Winter is the least visited season and has genuine appeal. Snow appears on the upper peaks from December, the valley turns brown and quiet, and the drive is the most dramatic of any season. The path to the waterfall can be muddy after rain. Bring layers — at 1,800 metres in January it is cold by Moroccan standards, even at midday.
Getting There from Marrakech
The Ourika Valley is 30 kilometres south of Marrakech — about 45 minutes to an hour by road depending on traffic leaving the city. The route takes the P2017 south from the city, clearly signposted from the southern edge of Marrakech. The road is paved throughout and straightforward to drive.
A guided day trip from Marrakech is the most practical option for most visitors — it includes transport, a stop at the Monday market if the timing aligns, and drops you at Setti Fatma with time to hike before lunch.
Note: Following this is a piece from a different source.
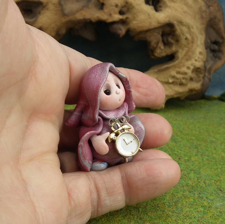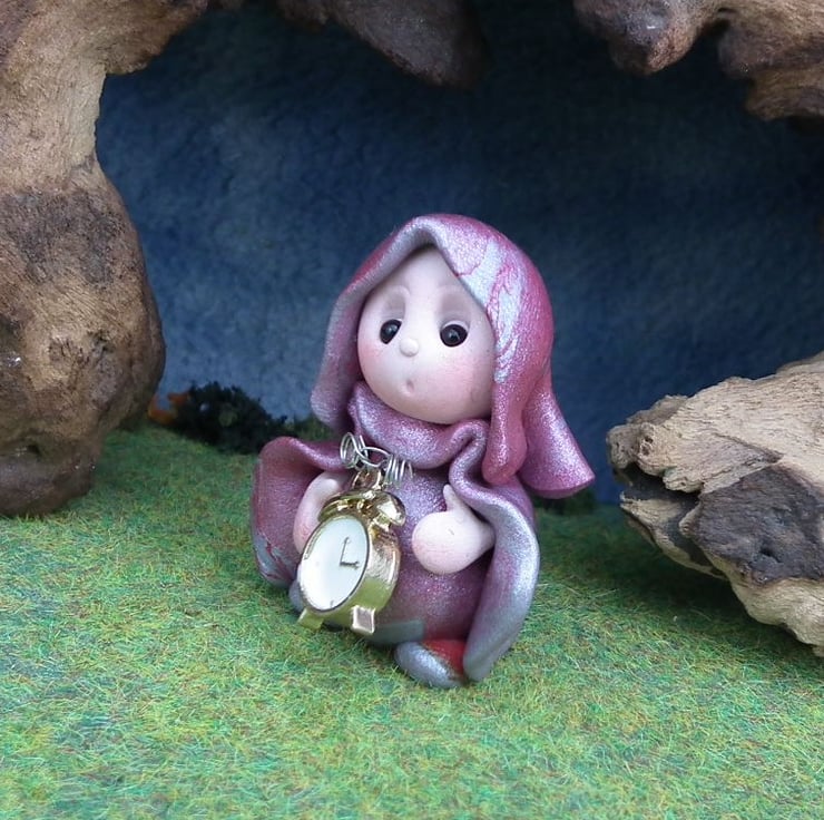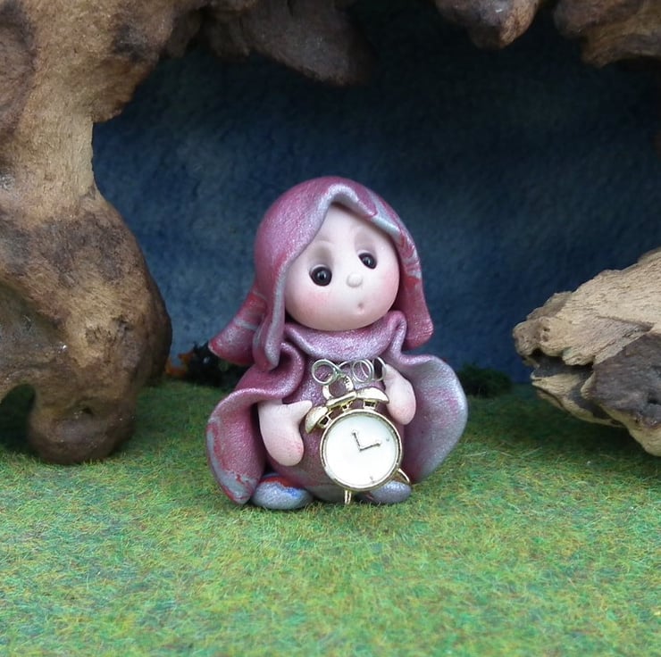 This is a 'one of a kind' creation having been entirely handmade without the use of moulds here at my studio on the Sussex Coast. Modelled with Prosculpt polymers, painted with heat set paints before sealing with lacquer, Tock has sparkling black onyx eyes. Tock the Timekeeper Gnome is just one and a half inches tall.

Public transport: shared taxis (grands taxis) leave from Bab Rob in Marrakech to Setti Fatma. The journey takes around 1.5 hours in a shared vehicle, costs around 25 to 35 MAD per person, and requires waiting for the taxi to fill. Return taxis can be scarce late in the afternoon — leave Setti Fatma by 4pm to avoid waiting.
Where to Eat
The terrace restaurants at Setti Fatma are built directly over the river — wooden platforms extending over the fast-moving water, shaded by overhanging rock and willow trees. The setting is better than the food, which is honest Moroccan — tagine, grilled brochettes, Berber omelette, mint tea. Expect 60 to 100 MAD for a full meal.
The restaurants between the car park and the waterfall path are interchangeable in terms of menu and quality. The ones furthest from the car park and closest to the river tend to have better settings. Arrive for lunch between 12:30 and 1pm for the best terrace spots before afternoon crowds arrive.
One specifically worth noting: the herb and spice gardens in the lower valley at Jardin Bio Berbère (around kilometre 20 on the valley road) offer a brief guided walk through medicinal plants used in Berber medicine. Small entrance fee, accompanied by a mint tea. A good stop on the way back.
Practical Information
Entrance: No entrance fee for the valley or the waterfall path. The local guides at Setti Fatma work for tips — 100 to 150 MAD for a return trip to waterfall one if you want company.
Footwear: The path to the first waterfall involves river crossings on stepping stones and rocky sections. Closed shoes with grip are better than sandals. Trainers are fine; sandals are manageable but uncomfortable on the scrambling sections.
Swimming: The pools below the waterfalls are popular swimming spots in summer. The water is cold year-round — glacier-fed from the upper snowfields. Perfectly clean. Bring a towel.
Cash: No ATMs in the valley. Bring dirhams from Marrakech for restaurants, guides and market purchases. Restaurants accept cash only.
Altitude: Setti Fatma sits at 1,800 metres. If you are arriving from sea level, this is unlikely to cause issues for a day visit. For the upper waterfall hike (2,200 metres and above), take it slowly if you feel short of breath on ascent.